If you are interested in looking at detailed requests and responses in the context of ordering coffee, there is an excellent article on InfoQ.com by Jim Webber, Savas Parastatidis, and Ian Robinson entitled “How to GET a Cup of Coffee”.

All of this is to say that from an operations perspective, the following observations are true:

  • REST is chatty because it operates on resources at a Create Read Update Delete (CRUD) level. What might take a single operation in SOAP takes multiple operations in REST
  • REST encourages chattiness with its support for HATEOAS: resources do not stand alone, but each resource tells you where you can go to next
  • REST makes extensive use of HTTP headers, such as ETag, Expires, and Location on the way out and If-Modified and different content-types on the way in (just to name a few)
  • REST makes extensive use of HTTP response codes: you will see standard 200 responses, but you’ll frequently see different 4xx and 5xx error messages as well as differentiation between things like 200 OK and 201 Created, and so forth

SOAP or REST?

The first article in this installment presented an overview of SOAP and this article presented an overview of REST so you might have already formulated some opinions about when one technology might be better than another. It is almost like discussing politics or religion, but there are times when using one technology is better than the other.

SOAP is best when:

  • A formal contract is required between the client and server
  • There are auditing requirements (because auditing tools already exist that can parse SOAP message)
  • You are going to perform integration between components that are independently developed over a long period of time
  • Integrating with existing systems that are RPC in nature

REST is best when:

  • Scalability is of paramount concern
  • The application is dynamic and can make good use of HATEOAS
  • There are a number of direct web client consumers
  • Developing new systems in which you can control the representation of resources

Of course these are opinions, but they are based on building and deploying both types of systems over the past decade.

Conclusion

Service-Oriented Architecture (SOA) is a strategy that can be used to integrate disparate software products. Typically, an organization builds a set of services in front of existing systems (or as part of the development effort for a new system) and then other systems can integrate with the services rather than the destination system itself. In order to facilitate this interaction in an easy-to-use manner, a common service paradigm needed to be defined, which prompted the definition of the Simple Object Access Protocol (SOAP) and later REpresentational State Transfer (REST). Both SOAP and REST impact the demands placed on the operation and sustainment of the application and those operational impacts need to be understood by operations and DevOps.

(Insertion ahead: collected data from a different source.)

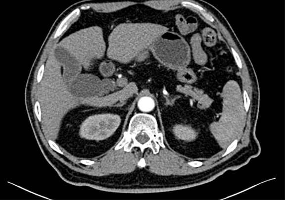 查体:腹部平坦,对称,无腹壁静脉曲张,无胃肠型和蠕动波,腹部柔软,右侧肋缘下轻度压痛,无反跳痛,未触及异常包块。肝、脾肋下未触及、质软、无压痛,Murphy氏征阴性。腹部叩诊:肝上界在右锁骨中线第五肋间,肝、肾区无叩击痛,无移动性浊音。肠鸣音正常,4次/分。未听到血管杂音。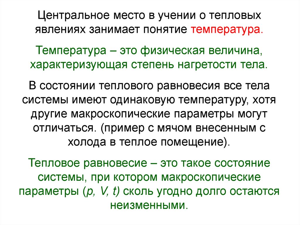 Центральное место в учении о тепловыхявлениях занимает понятие температура.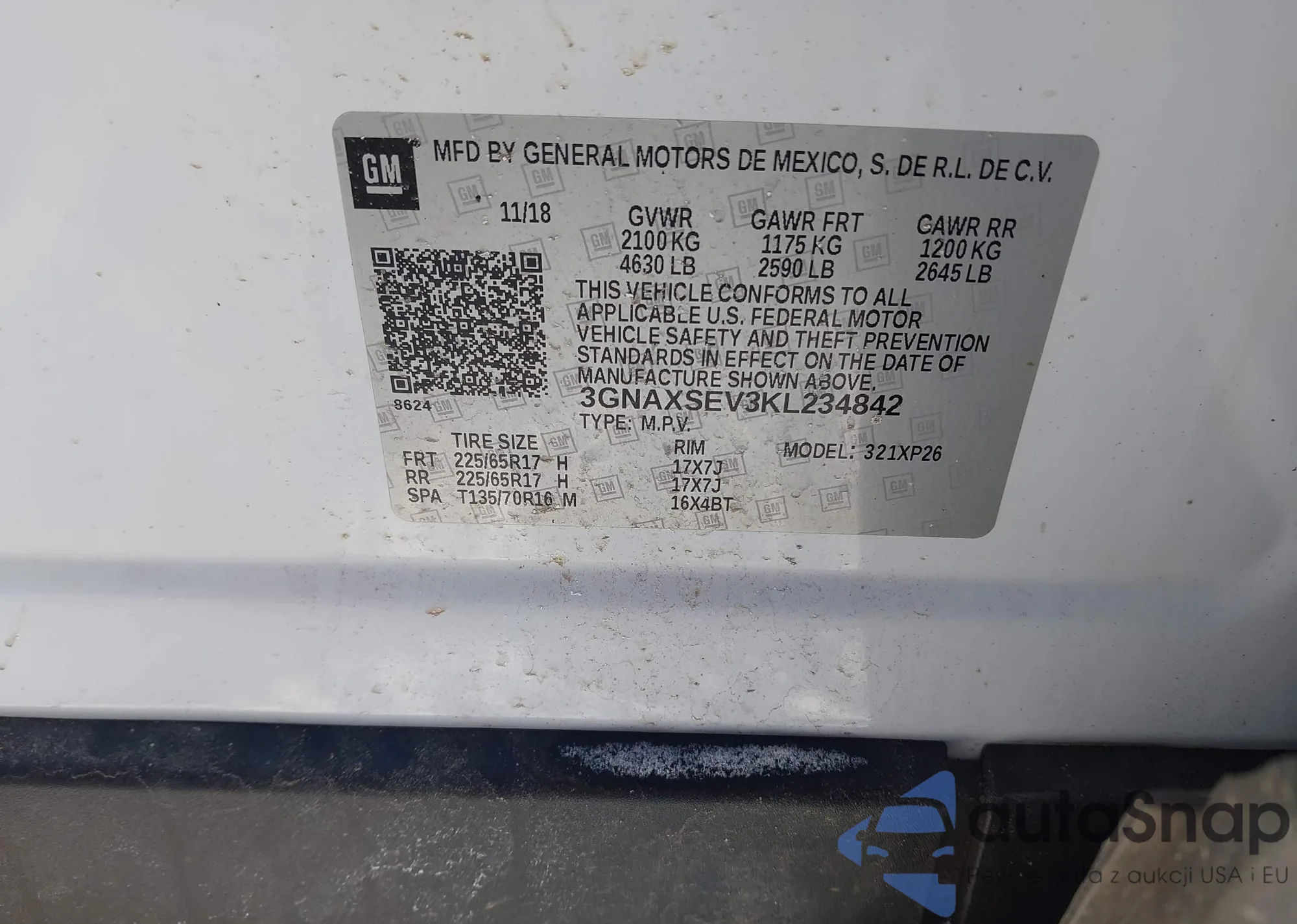 • VIN: 3GNAXSEV3KL234842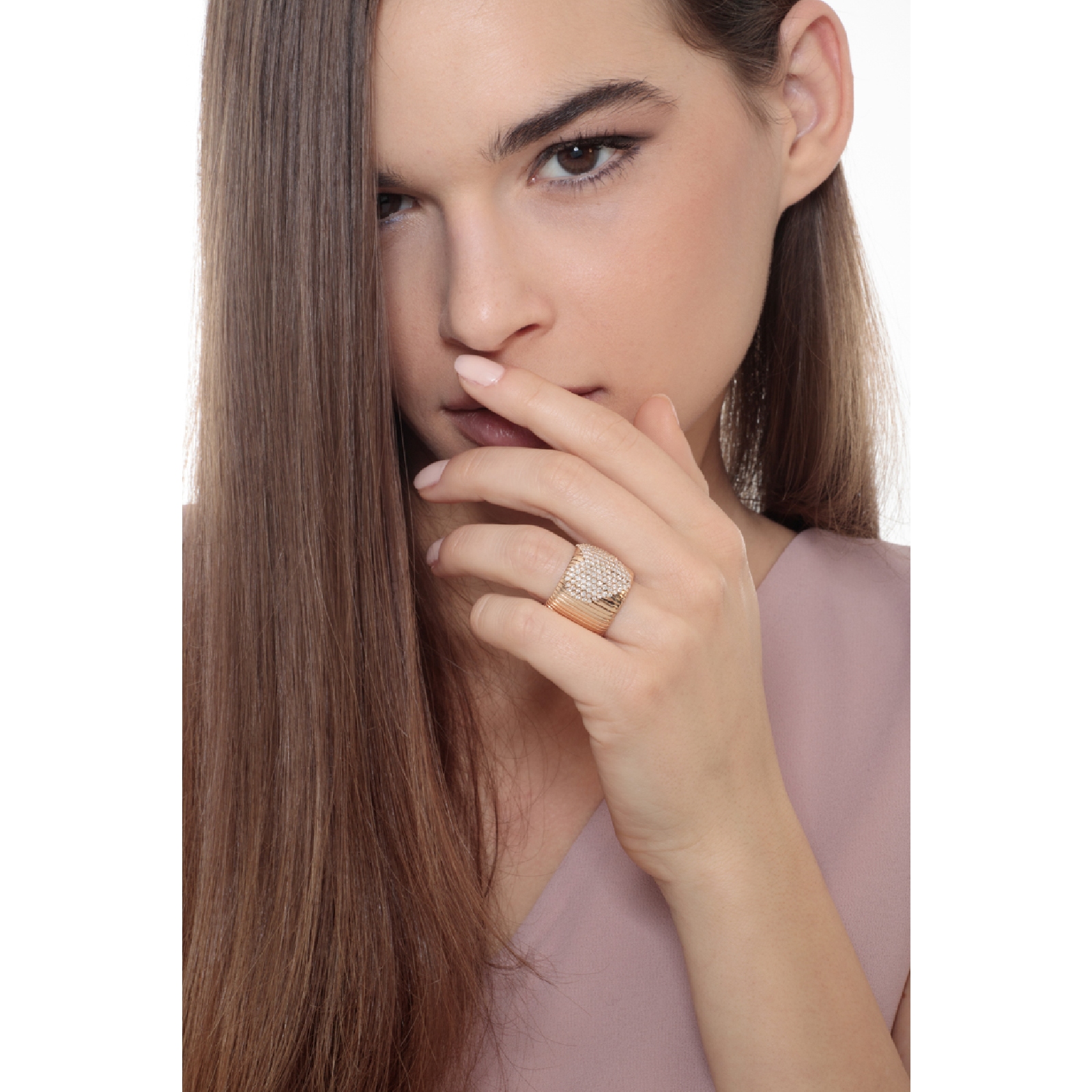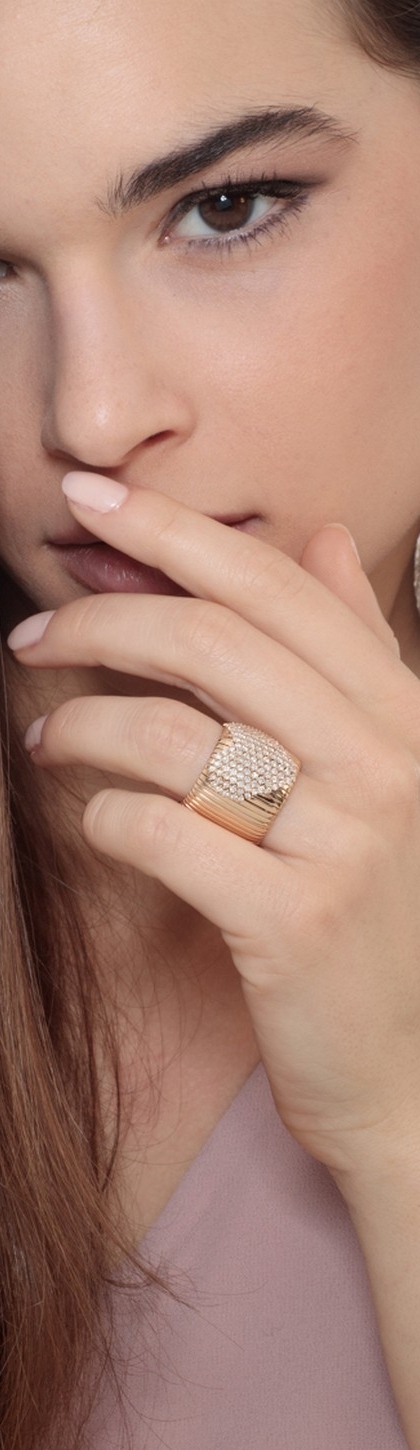 Bague bandeau flexible en or rose 18k cœur en pavé de diamants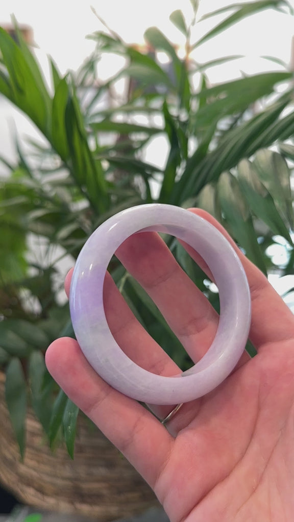 * DETAILS--- This bangle is crafted from genuine Burmese Jadeite jade. It features a semi smooth, semi translucent texture with very intense lavender colors that looks very beautiful and unique. Known as the "Vixen" Purple or 妖紫. For its very attractive purple color. It's a half round, comfort-fit bangle, which is flat on the inside of the bangle and comfortable for everyday wear. The bangle does have some cloudy spots and natural lines. Known for its durability, jadeite is also believed to bring good luck. This bangle makes a thoughtful and meaningful gift for yourself or someone special.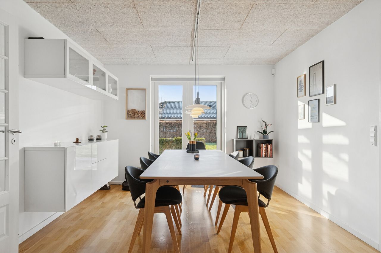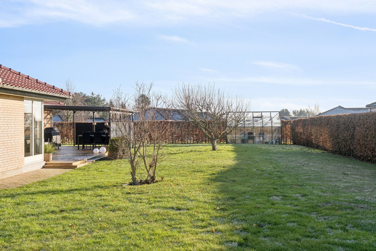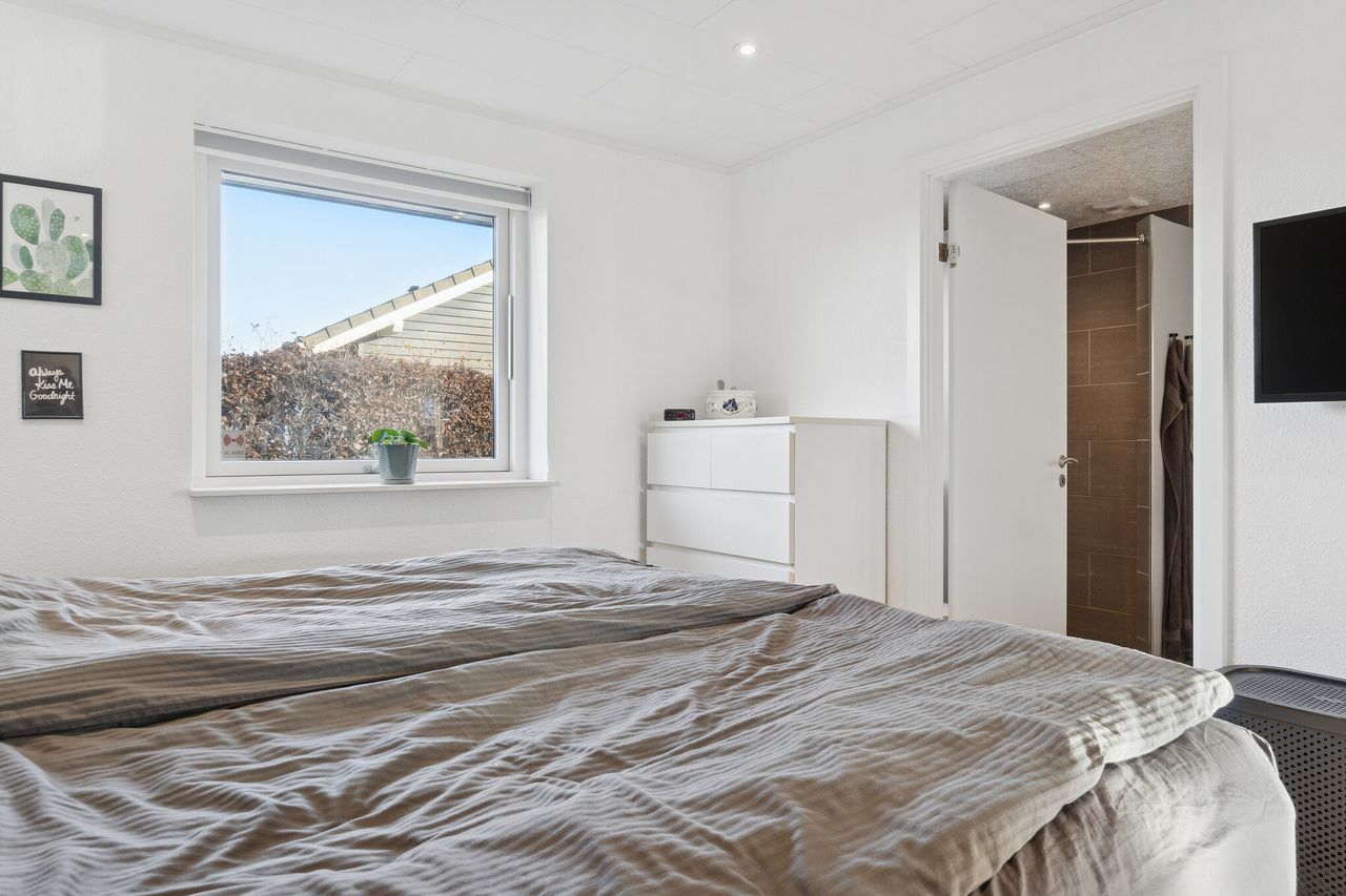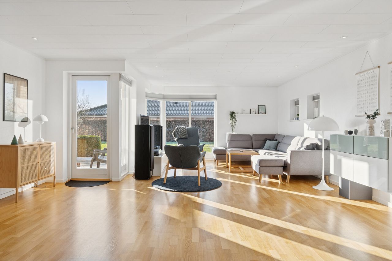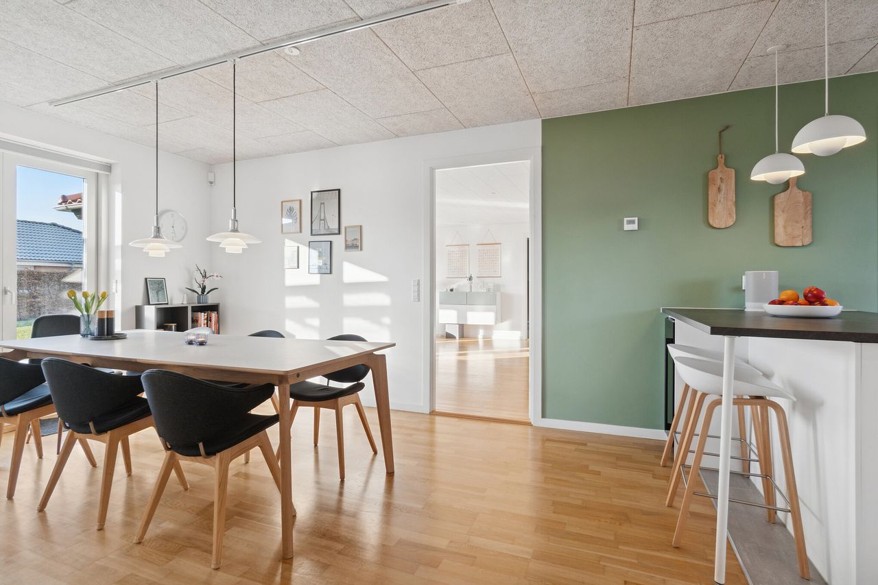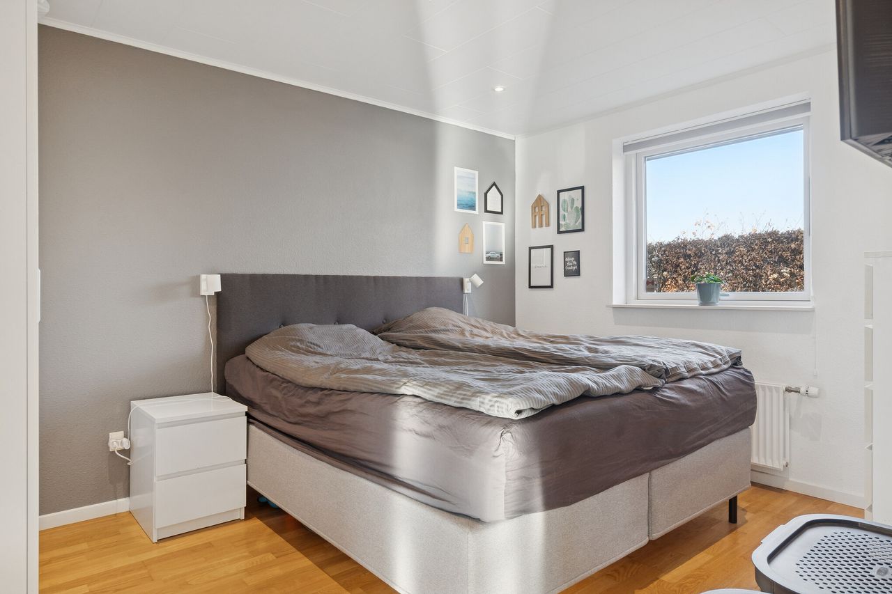 Velkommen til Peder Bøgvads Vej 4 i Vestbyen af Fredericia - moderne familievilla beliggende på lukket vænge, som fremstår indflytningsklar! Ejendommen fremstår med et bebygget areal på hele 188 m2 samt garage med el-port på 29 m2. Ejendommen ligger trygt og fredeligt på lukket vænge i Fredericias spændende nyere nybyggerkvarter - helt perfekt for en børnefamilie, som der allerede er mange af i kvarteret. Villaen er logisk indrettet, hvilket giver en god sammenhæng i mellem opholdsrum og værelser og huset har optimal planløsning i børneafdeling, centrale opholdsrum samt forældreafdeling. Selvom huset er opført i 2006 har der allerede været udskiftning og renovering af nyere køkken fra 2019, bryggers i 2019 samt badeværelse i 2022. Endvidere er der opført stort udehus på 18 m2 i 2023 samt anlagt ny træterrasse i 2024. Der er gulvvarme i det meste af huset i leverummene såsom stuen, køkken/alrummet, begge badeværelser samt bryggers. Ejendommen indeholder: Kombineret entré i åben forbindelse til bryggers med masser af skabsplads og klinkegulv. Fra bryggers er der videre adgang til hjerterummet i huset fine køkken/alrum med direkte udgang til den sydvendte terrasse med plads til hele familien eller i gode venners lag. Stor lys stue med masser af lysindfald fra de store vinduespartier med tilstødende kontor/værelse samt soveværelse med tilstødende badeværelse. Børneafdelingen med 2 rummelige værelser samt centralt placeret badeværelse. Haven fremstår meget velplejet, primært med græsplæne og godt med plads til leg og boldspil med børnene samt udehus med plads til opmagasinering eller værksted eller til hobby behov. Book en fremvisning hos din lokale RealMælger Boligbutikken Fredericia på tlf.nr. 88 44 20 70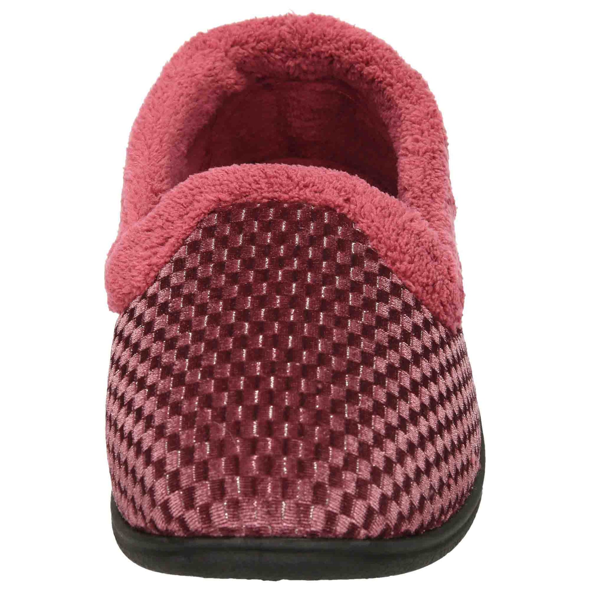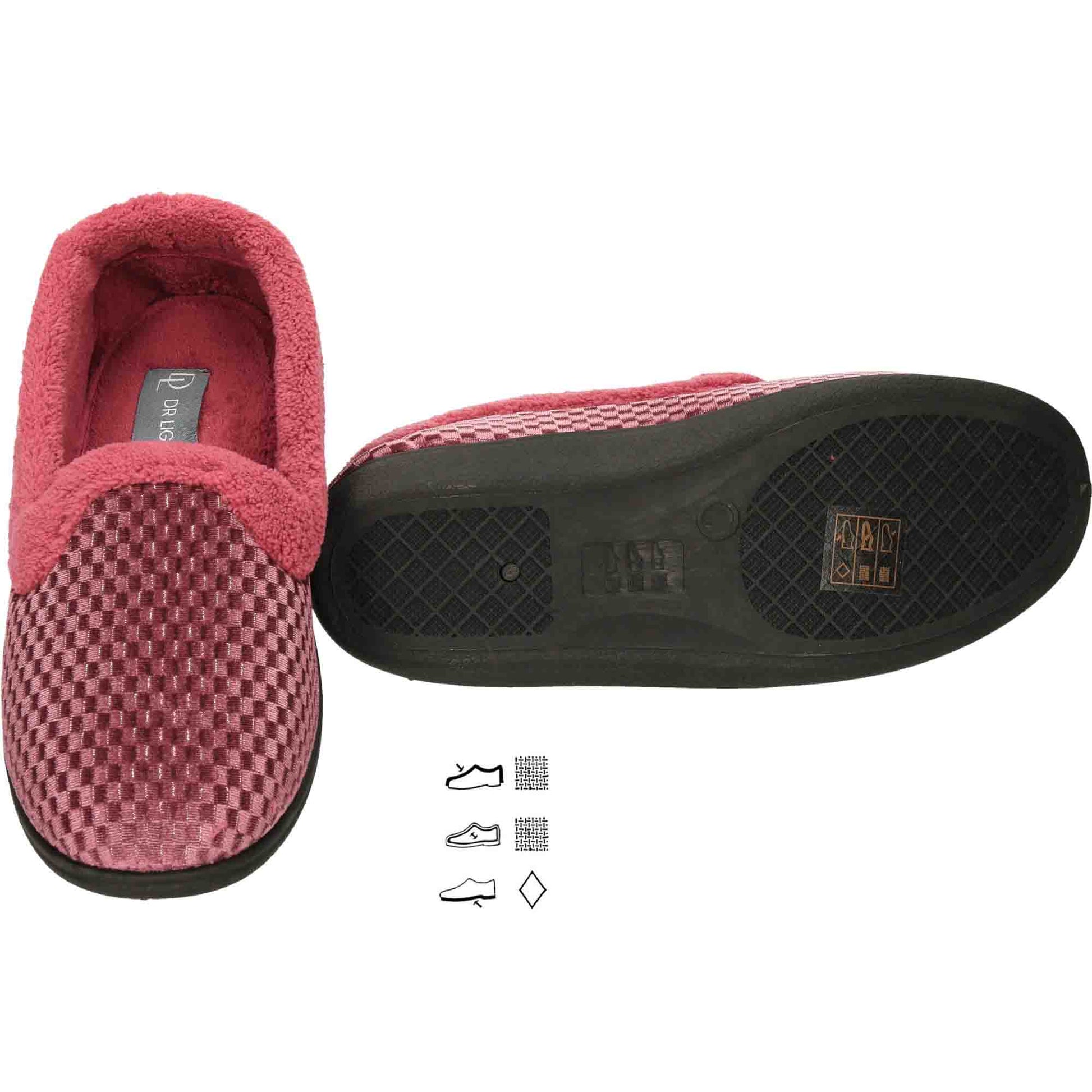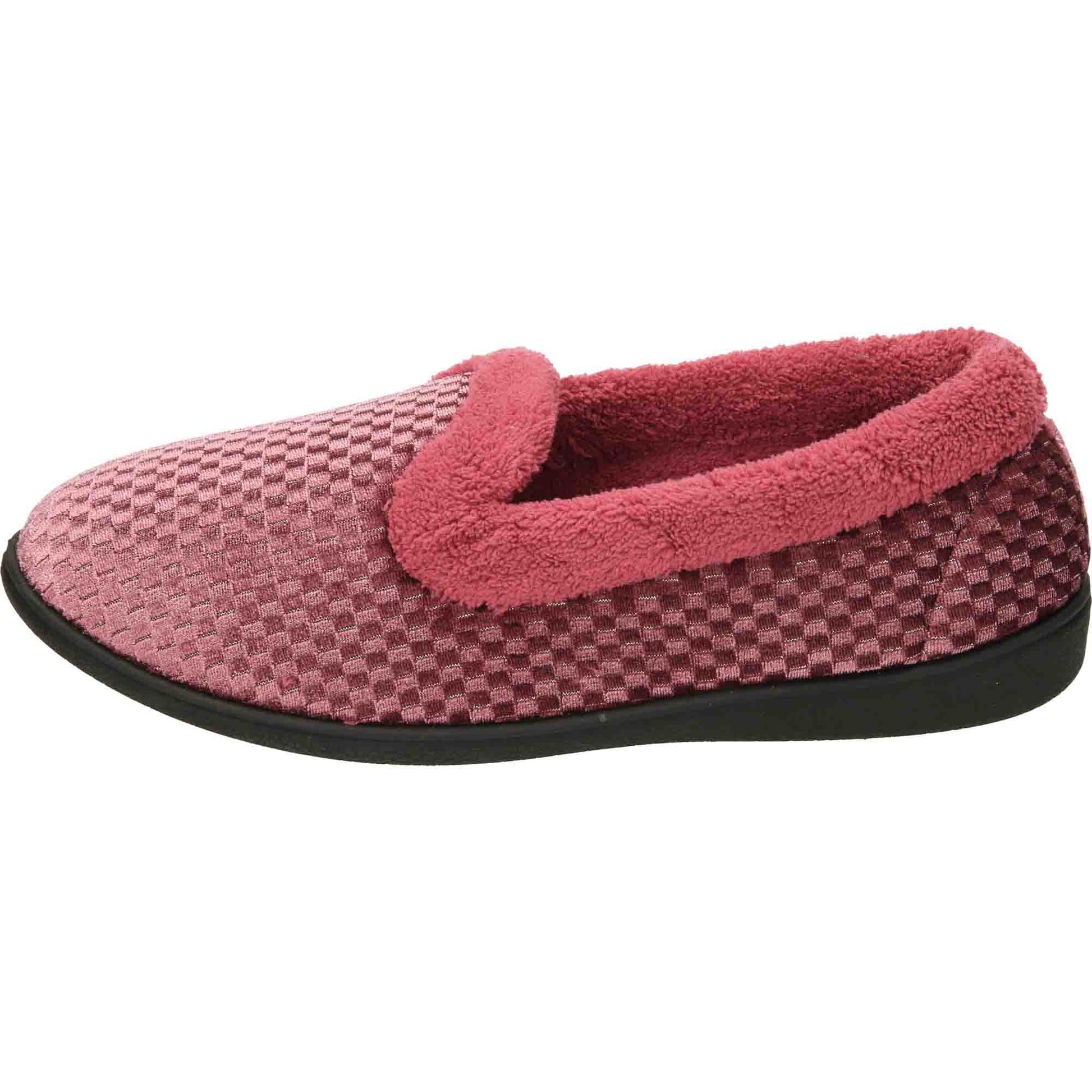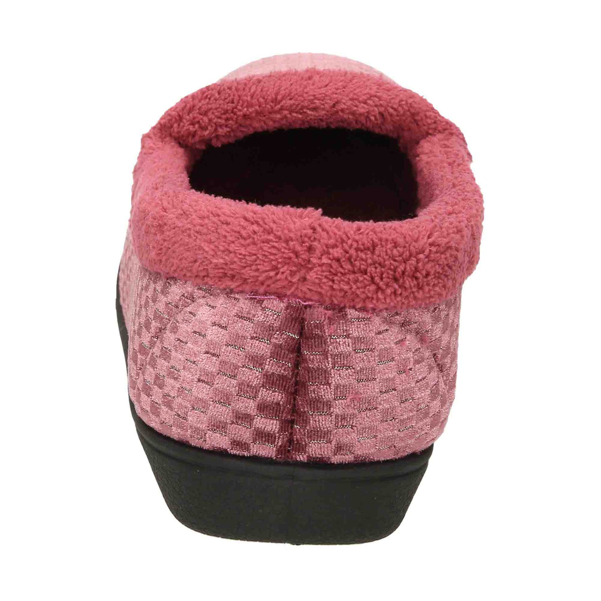 Ladies wide (E) fitting heather pink shimmer velour slippers

This two-part installment on SOA presented an overview of SOAP and an overview of REST with the aim of showing you the operational impacts of each on your production environment. When working with your developers, I hope that I have given you the correct questions to ask and empowered you with a knowledge of how you are going to need to configure your deployment environment, caching solution, and web servers to support either solution.